For programmatic consumption, request structured JSON output.

response = client.messages.create(
    model="claude-sonnet-4-6",
    max_tokens=1024,
    system="Always respond with valid JSON.",
    messages=[
        {"role": "user", "content": "List 3 famous scientists and their discoveries as JSON."}
    ]
)

Prompt Caching

Reduce costs and latency by caching system prompts or large context blocks.

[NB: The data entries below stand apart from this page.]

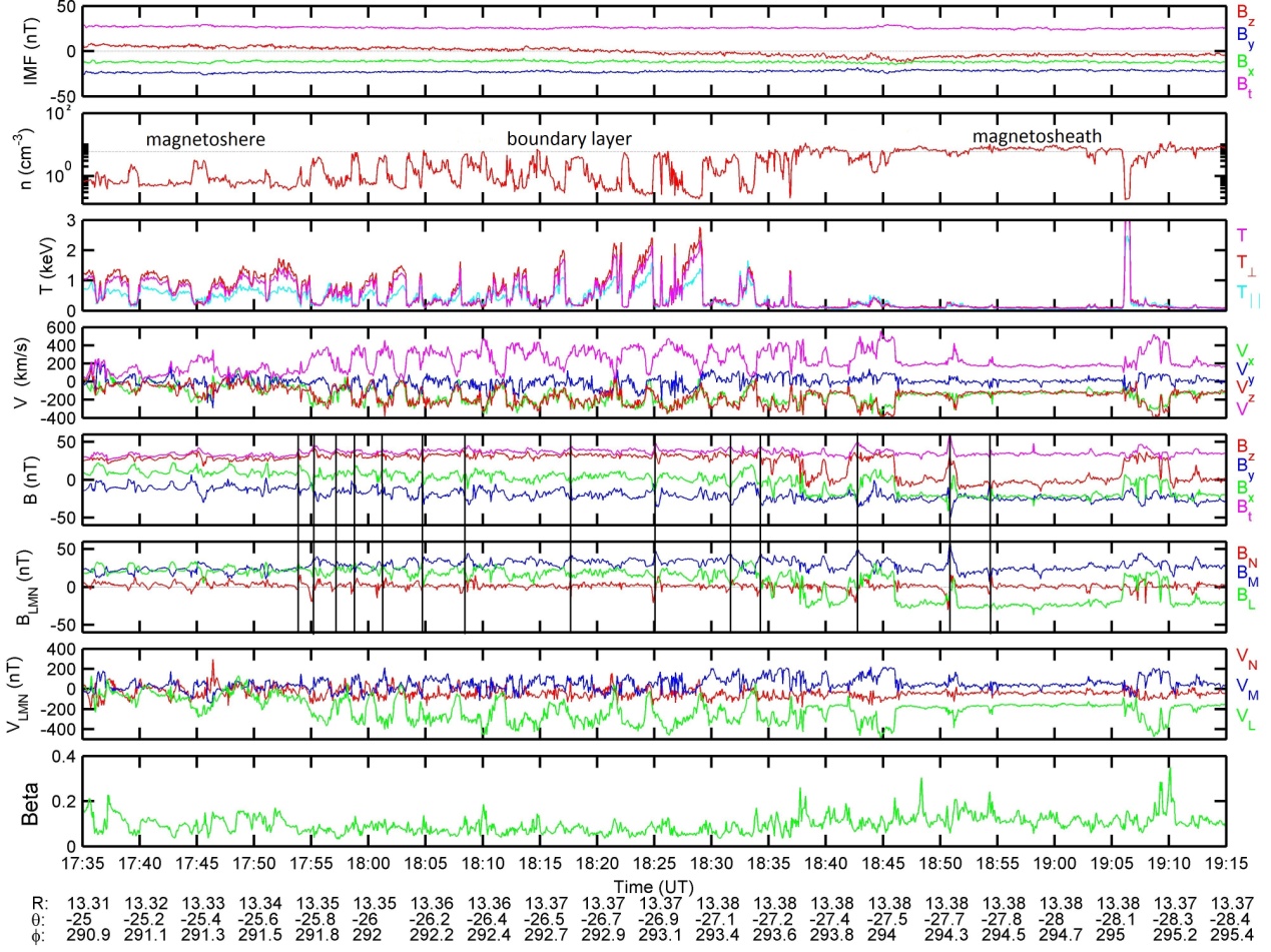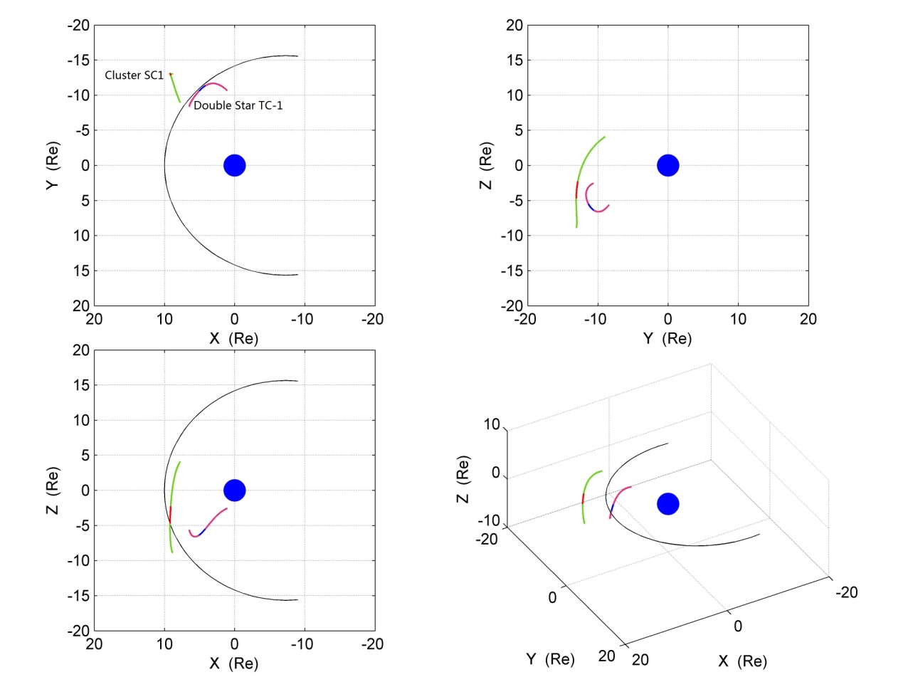 TC-1卫星在晨侧在磁地方时约为8:00的向阳面晨侧磁层顶位置观测到一连串等离子体高速流,速度可达500km/s,明显超出了磁鞘太阳风的背景速度,卫星在此条件下多次穿越了磁层顶,并伴随磁场位型由北向的磁层磁场位型转为行星际磁场南北分量 Bz≈0 nT的磁鞘磁场位型,等离子体在磁层顶位置出现被加速的高速流,同时在磁层顶内侧的边界层里,高速流也相当连续地持续出现了大约1个小时,并受到磁层顶运动的调制。Wallén 试验表明,这些高速流确由磁场重联产生,并于磁场重联理论模型所预测的Alfven加速是一致的,并且分析表明卫星位于重联区域的南侧,这与已有的关于磁层顶重联位置的预测吻合。对等离子体探测数据的进一步分析表明,在高速流持续的大约1个小时里,磁场重联是准连续的发生的,这与以前所观测到的连续重联过程有所类似。与此同时,卫星还观测到与上述稳态过程并存的瞬态过程——通量传输事件(FTE), 长久以来对此争论颇多,一般认为磁场重联要么是稳态的,要么是瞬态的。但此次TC-1的观测到的是稳态的准连续重联过程背景下存在着瞬态的FTE过程,目前认为FTE可能是由准连续重联和磁层顶运动产生,也可能是与外界驱动无关的一连串的等离子团所形成。考虑这次观测中特殊的行星际磁场条件以及卫星位于晨侧磁层顶,这样的准连续重联对于研究磁层顶重联模式以及由此引起的太阳风向磁层输运的效率等问题,具有重要的参考价值。
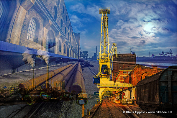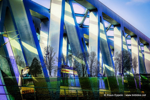 Eisenbahnbrücke über den Rhein und Blick von dort auf das Hofgut Maxau |
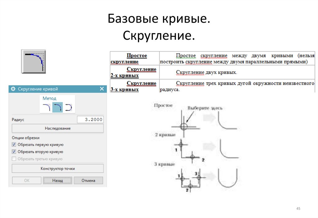 Базовые кривые.Обрезка кривых. (меню – Изменить – криваяобрезка)
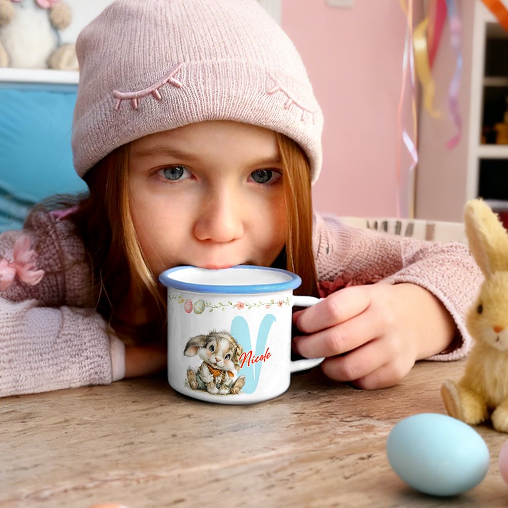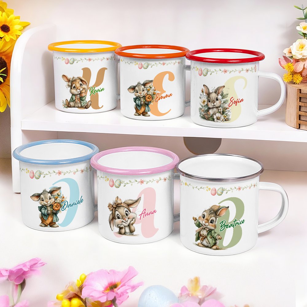 Il design, ispirato alla dolcezza del coniglietto pasquale, esplode in colori vivaci che accendono immediatamente l’allegria della festa, incontrando perfettamente il gusto e la fantasia dei più piccoli. Grazie alla personalizzazione del nome, ogni tazza smaltata diventa un pezzo unico: non un semplice oggetto, ma un prezioso scrigno di ricordi e affetto che rende la Pasqua un momento indimenticabile.
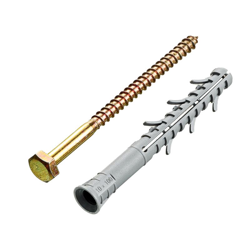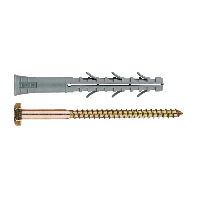 Дюбель фасадный TSX-S состоит из следующих элементов: гильза с конусообразным бортиком и двухсегментной распорной зоной, распорный элемент – усиленный шуруп с шестигранной головкой под ключ. Гильза выполнена из полиамида, шуруп – из углеродистой стали с электрооцинкованным защитным покрытием. Дюбель предназначен для крепления строительных материалов и изделий к основаниям из тяжелого и легкого бетона, кладки из полнотелого и пустотелого керамического кирпича, силикатного кирпича, кладки из ячеисто- и керамзитобетонных блоков. Для установки необходимо предварительное сверление отверстия.
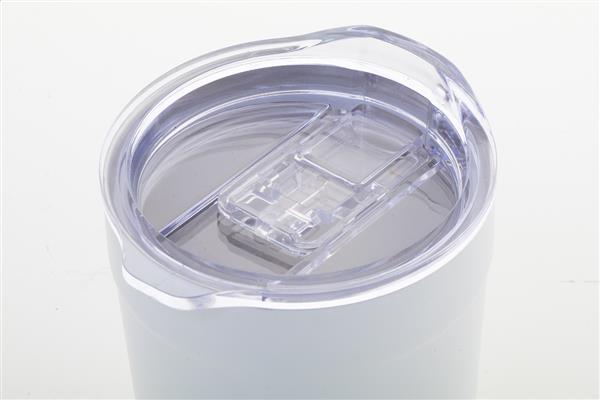 Kubek termiczny o podwójnych ściankach, izolowany próżniowo ze stali nierdzewnej pochodzącej z recyklingu, z bambusową podstawą i plastikową pokrywką do picia AS. 300ml.

response = client.messages.create(
    model="claude-sonnet-4-6",
    max_tokens=1024,
    system=[
        {
            "type": "text",
            "text": "You are a helpful assistant...",
            "cache_control": {"type": "ephemeral"}
        }
    ],
    messages=[...]
)

Best Practices for Production

Handle stop reasons: Always check response.stop_reason. It could be "end_turn", "tool_use", "max_tokens", or "stop_sequence".
Implement retries: Use exponential backoff for rate limits.
Monitor token usage: Track input and output tokens to control costs.
Use evaluation tools: Test your prompts with Claude's Evaluation Tool before deploying.
Strengthen guardrails: Add system prompts to reduce hallucinations and mitigate jailbreaks.

Key Takeaways

Start with the Messages API for full control over conversation state and tool loops. Use managed agents when you want to skip infrastructure.
Enable extended thinking for complex reasoning tasks, but disable it for simple queries to save tokens.
Use tools to give Claude real-world capabilities—weather lookups, database queries, code execution. Handle tool calls in your code and return results.
Stream responses for a better user experience in real-time applications.
Optimize with prompt caching and structured outputs to reduce costs and improve reliability in production.